Le généreux marin et la froide Europe
Le contraste est saisissant, violent, douloureux !
D’un côté, le valeureux capitaine d’un
remorqueur de haute mer, Philippe Martinez, qui l’été dernier sauva la
vie de mille huit cent vingt-huit migrants en perdition sous le soleil
de plomb de la méditerranée. De l’autre, presque au même moment, une
opération coordonnée des polices européennes en lien avec les agences
Frontex et Europol décidée dans l’opacité et le secret total par la
présidence Italienne du conseil Européen vise à ouvrir une chasse à
« l’immigré ».
L’objectif de démantèlement de réseaux
de passeurs va servir de prétexte à de grandes opérations
d’interpellations de migrants ou de « sans papiers » et à la collecte
de multiples informations les concernant. Lors d’opérations précédentes
du même type, quasiment aucun passeur n’a été arrêté. Par contre, les
rafles de « sans papiers » les ont conduits dans les centres de
rétention et vers l’expulsion manu-militari, sans tenir compte du degré
de danger auquel ils doivent faire face à leur retour. Aucun élément
n’est donné sur le sort qui sera réservé aux personnes interpellées, ni
sur l’utilisation qui sera faite des données personnelles. Cette vaste
opération, ouverte cette fin de semaine jusque la fin du mois et qui
répond du nom « Mos Maiorum » va mobiliser pas moins de dix huit mille
policiers et militaires. Elle a été décidée le 10 juillet dernier et les
documents « très confidentiels » qui en attestent ne nous sont parvenus
que le 6 octobre. Le Parlement européen n’en a pas été informé. J’ai
questionné le Conseil européen sur ces documents et cette décision.
J’attends la réponse. C’est au moment même ou est lancée cette nouvelle
opération qu’est stoppée l’initiative dite « Mare Nostrum » qui a
pourtant permis de sauver cent mille personnes .

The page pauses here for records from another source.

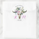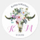Bohemian chic watercolor floral bouquet over longhorn cow skull and white background thank you wedding label.
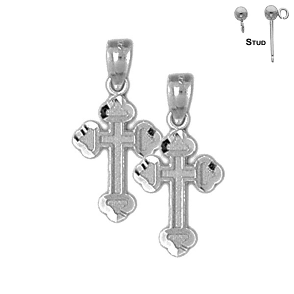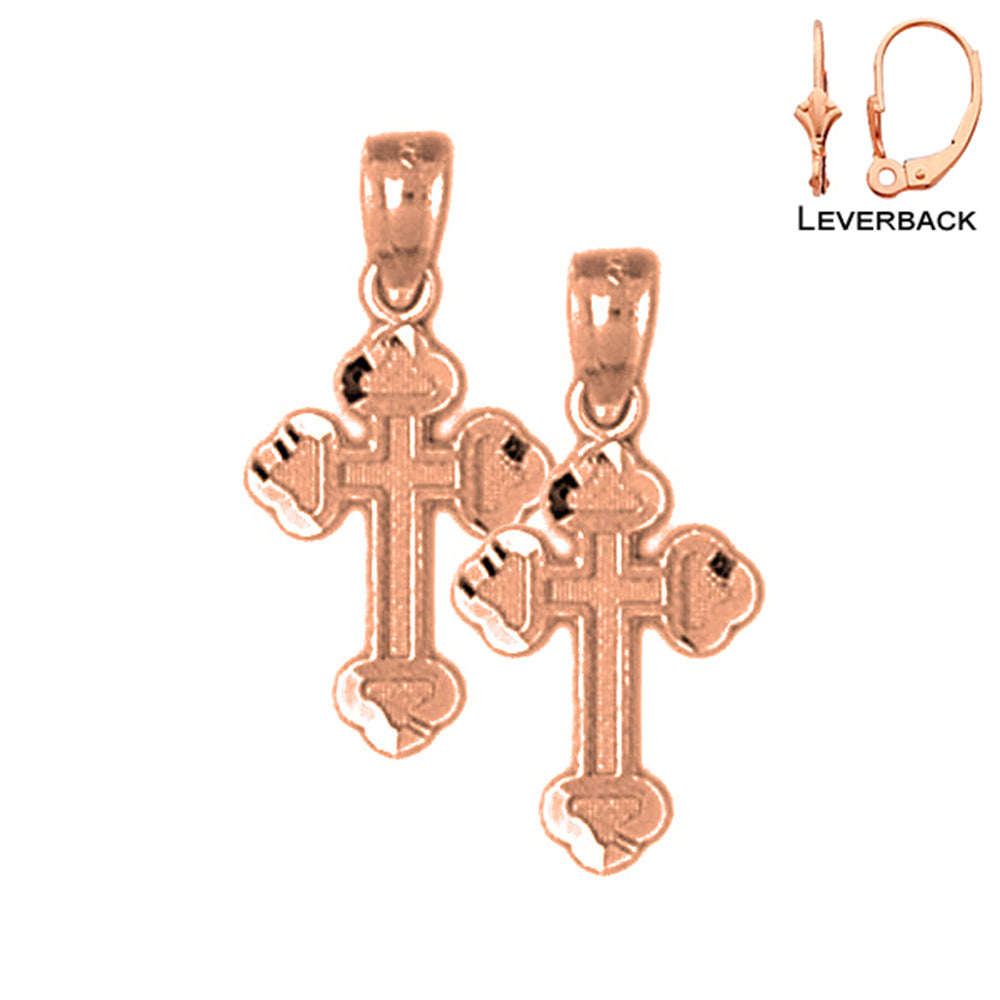14K or 18K Gold 23mm Budded Cross Earrings
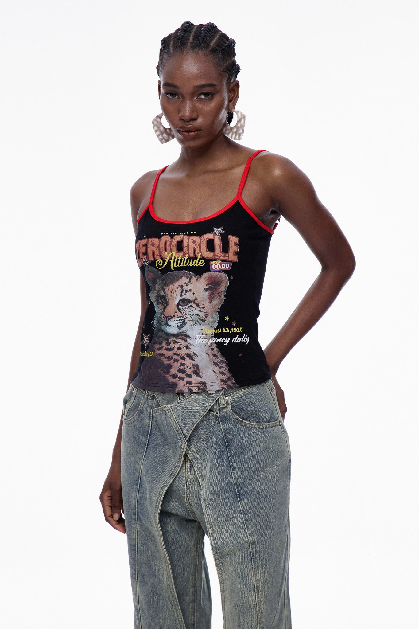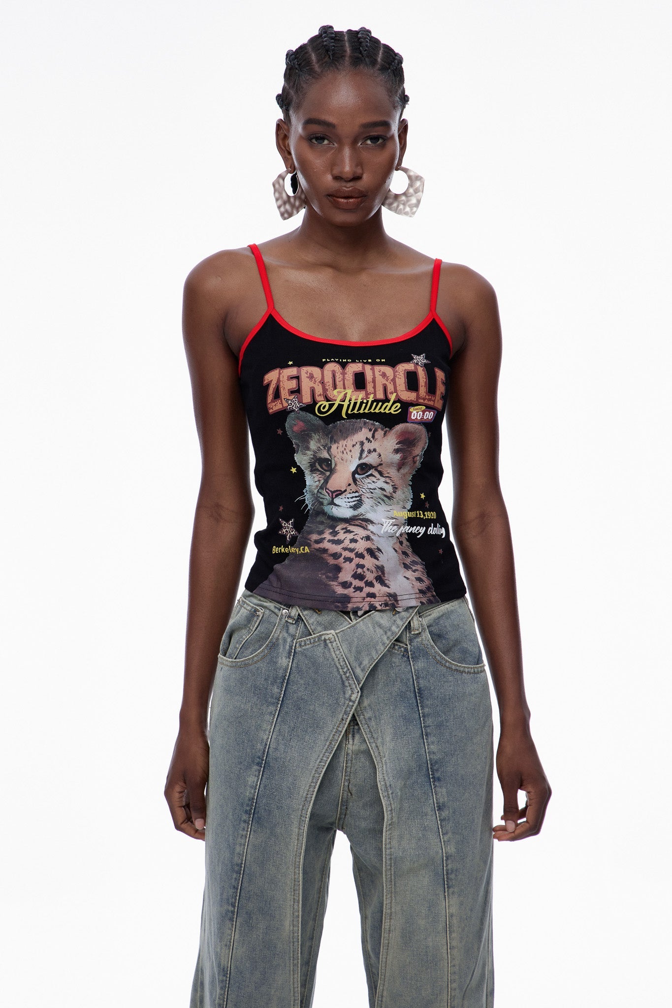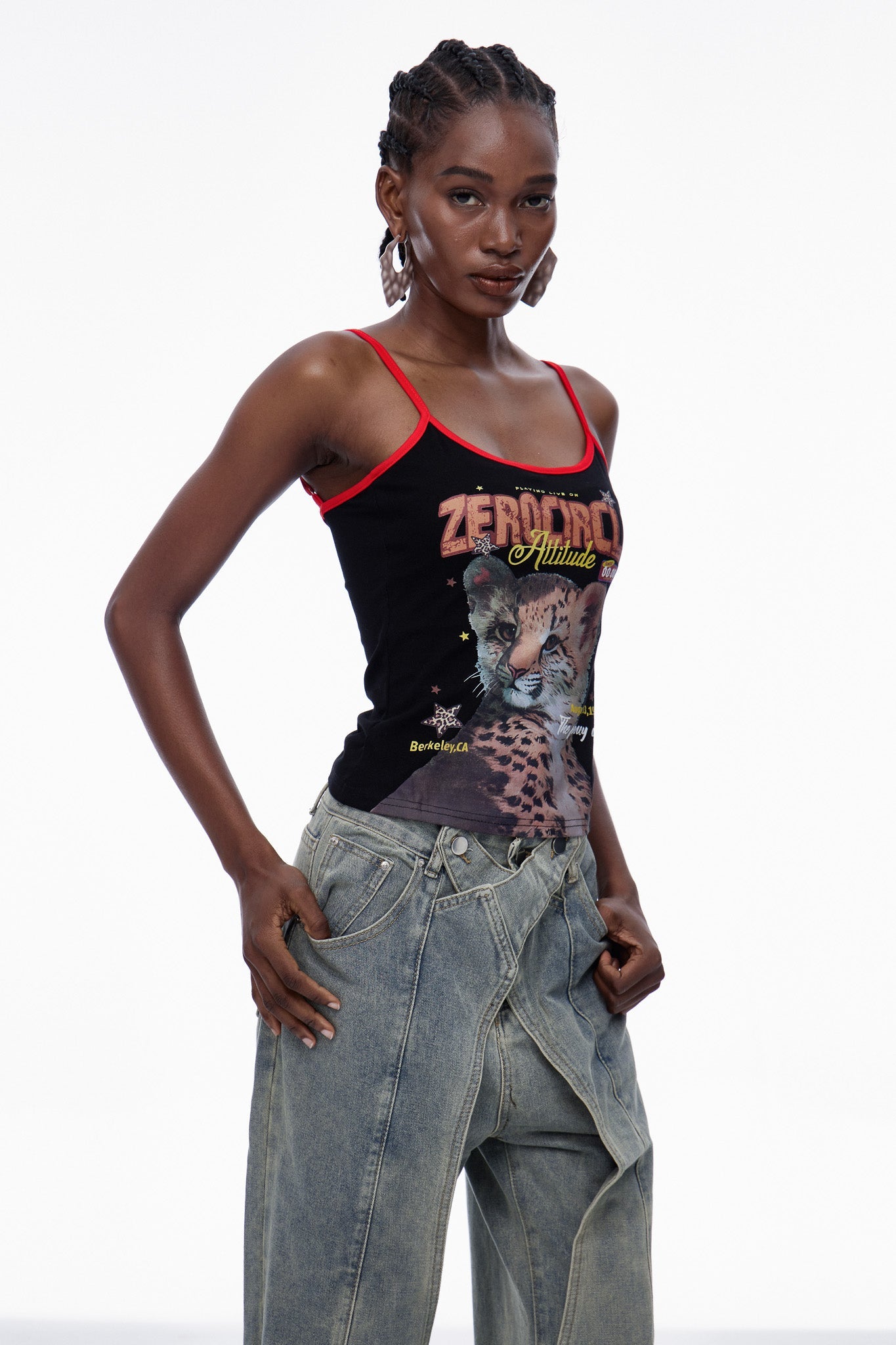 Ellalabel Carbry Print Black Spaghetti Top - Chic & Versatile – Ellalabel.com
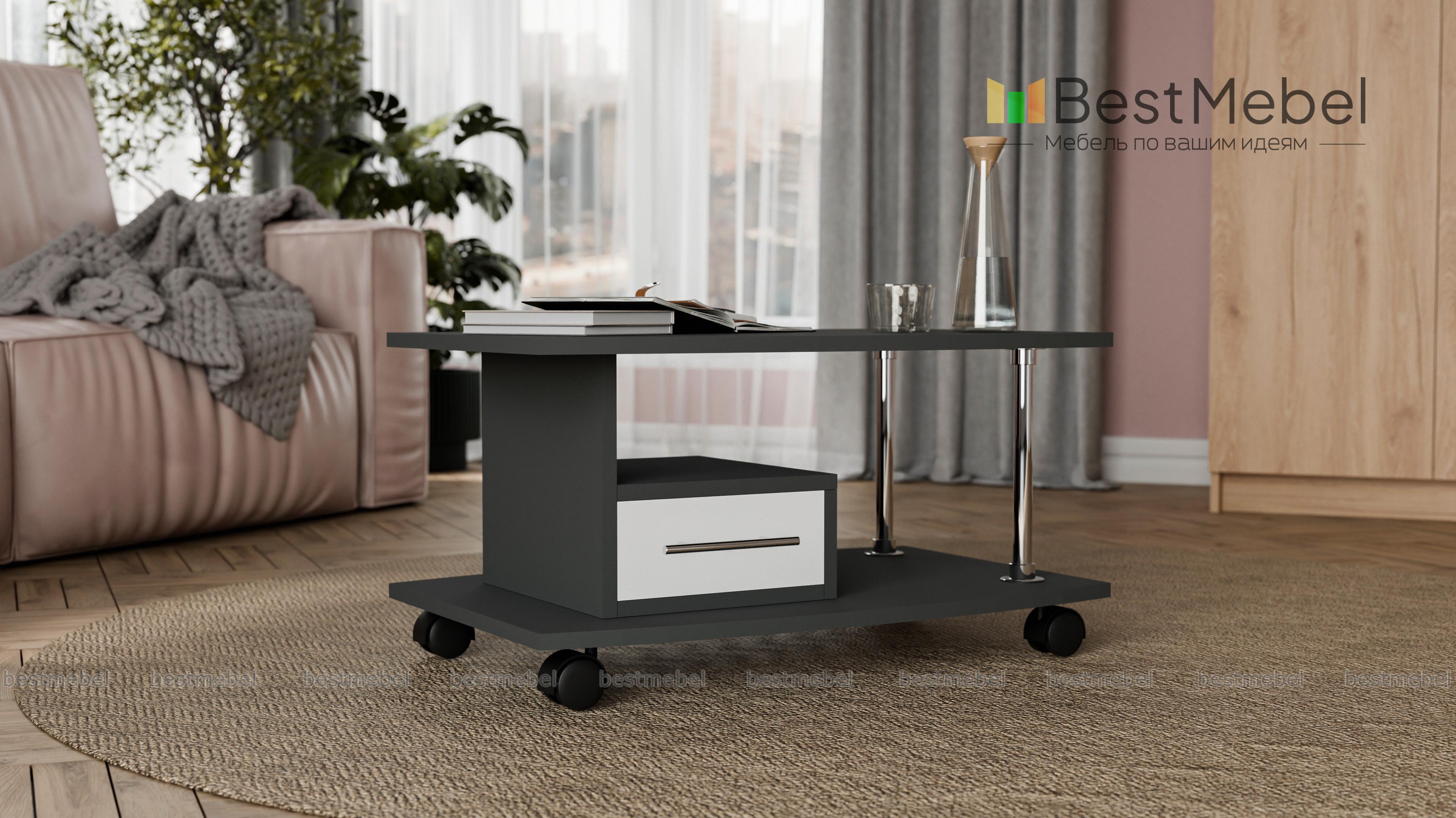 Журнальный столик Пример 162 BMS – это строгая геометрия форм и высокая функциональность, характерная для современных дизайнов. Модель оборудована широкой, чуть скругленной столешницей, основанием с колесными опорами для легкости перемещения и выдвижным ящиком, удобным для хранения мелочей. В оформлении гармонично сочетаются контрастные древесные тона и фурнитура оттенка металлик. Купить журнальный столик Пример 162 BMS приглашаем в наш интернет-магазин по демократичной цене.
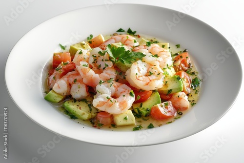 A vibrant bowl of shrimp salad with fresh vegetables, showcasing a healthy and colorful meal option.
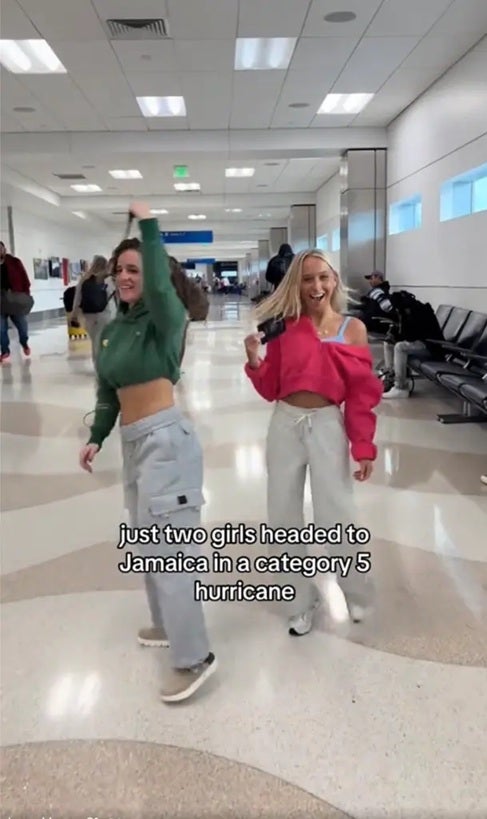 “Just two girls headed to Jamaica in a Category 5 hurricane,” she gloated alongside another clip of her strolling through the airport.
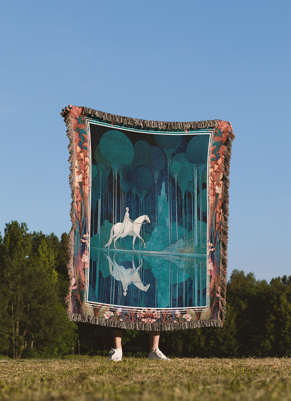 Fairytale Woven Blanket, Vintage Horse Tapestry, Dark Academia Jacquard Throw, Enchanted Forest Wall Hanging, Mythical Art Nouveau Gift
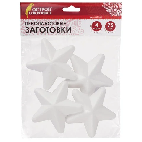 Пенопластовые заготовки для творчества 'Звездочки', 4 шт., 75 мм, ОСТРОВ СОКРОВИЩ, 661366
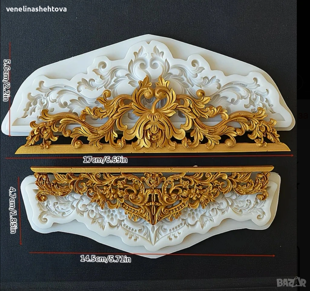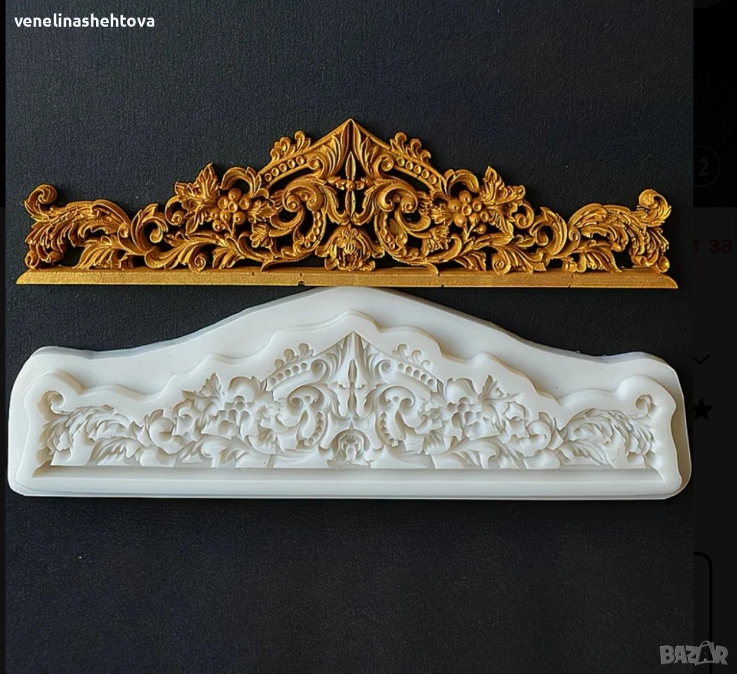 Релефна дантела бароков орнамент силиконов молд форма гипс смола фондан декорация на торта → Обява 54233458
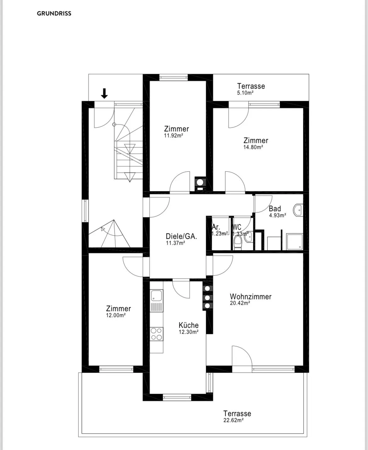 - Terrasse ca. 22,74, Grünfläche ca. 50,61
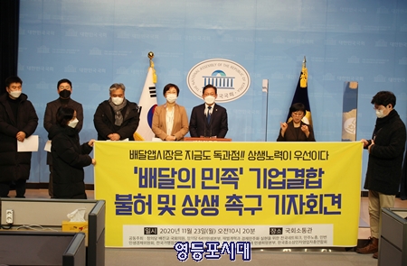 정의당 배진교 국회의원과 민변 민생경제위원회 등은 23일 오전 국회 소통관에서 기자회견을 열고 “온라인 배달앱 시장의 독과점 반대한다”며 “공정위는 배달의 민족 기업결합을 불허하라”고 촉구했다.

Notre marin breton et ses camarades du
remorqueur Léonard Tide font de l’assistance sur les plateformes
pétrolières au large de Tripoli. Toutes affaires cessantes, ils sont
venus en aide aux malheureux qui flottaient sur de fragiles barcasses
surpeuplées au gré des vents et des courants. Ils sont l’honneur de
l’Humanité.
A l’opposé de cette solidarité et de cette générosité, les
membres du Conseil européen, du fond de leurs bureaux climatisés,
décident en secret que le migrant peut être un délinquant en puissance
ou que, conformément à une loi Italienne datant de l’année 2002, prêter
secours aux migrants peut être assimilé à une « complicité d’immigration
illégale ». Ceux-là ne font que nourrir les pires sentiments de rejet
de l’autre, la suspicion et la haine. Ceux-là alimentent les Fourneaux
des extrêmes droites.
Philippe Martinez raconte pourtant très
bien que sur cette mer, il a sauvé des migrants déshydratés, affamés,
apeurés, rackettés par des mafias qui les placent sur ces bateaux
moyennant une rançon allant de huit cent à deux mille trois cent
soixante dix euros par personne. Il y a croisé des familles nigériennes,
ghanéennes, libériennes, somaliennes, syriennes, irakiennes,
sri-lankaises palestiniennes, fuyant l’enfer des guerres, des maladies
et de la misère. Ils n’ont donc pas choisi ! La situation le leur
impose ! Ils sont des migrants de force qui n’ont plus pour seul espoir
que celui de parvenir à rejoindre les côtes européennes. Encore que
depuis l’année 2000, pour trente-milles d’entre eux, leur fil d’espoir
s’est éteint au fond du cimetière marin ! Cela ne rend que plus
insupportable la vaste opération policière décidée par le Conseil
Européen. Comme si l’immigration était un crime et le migrant un
coupable alors qu’il n’est qu’une victime. Se comporter en être humain
devrait au contraire conduire à protéger les migrants dont une bonne
partie ne doivent leur insupportable situation qu’aux choix politiques
néo-colonialistes de nos pays occidentaux ou à des guerres qui, comme
en Lybie, ont été déclenchées par des pays européens, à commencer par La
France. Le droit de la mer comme tous les droits humains des migrants
doivent être respectés. L’absence de mécanismes communs de sauvetage en
mer et de dispositifs européens d’accueil des migrants va de pair avec
cette frénésie sécuritaire et policière. D’ailleurs, les réseaux mafieux
n’existeraient pas si des voies d’entrée légales étaient organisées
pour les migrants et les réfugiés. Les parcours devraient être sécurisés
car les dangers commencent dès les pays de départ. Peut-être
conviendrait-il aussi de créer des centres de migrants pour les informer
de leurs droits en partant de la situation singulière de chacune de ces
populations. Des programmes de réinstallation en Europe devraient être
imaginés afin qu’ils ne prennent pas la mer.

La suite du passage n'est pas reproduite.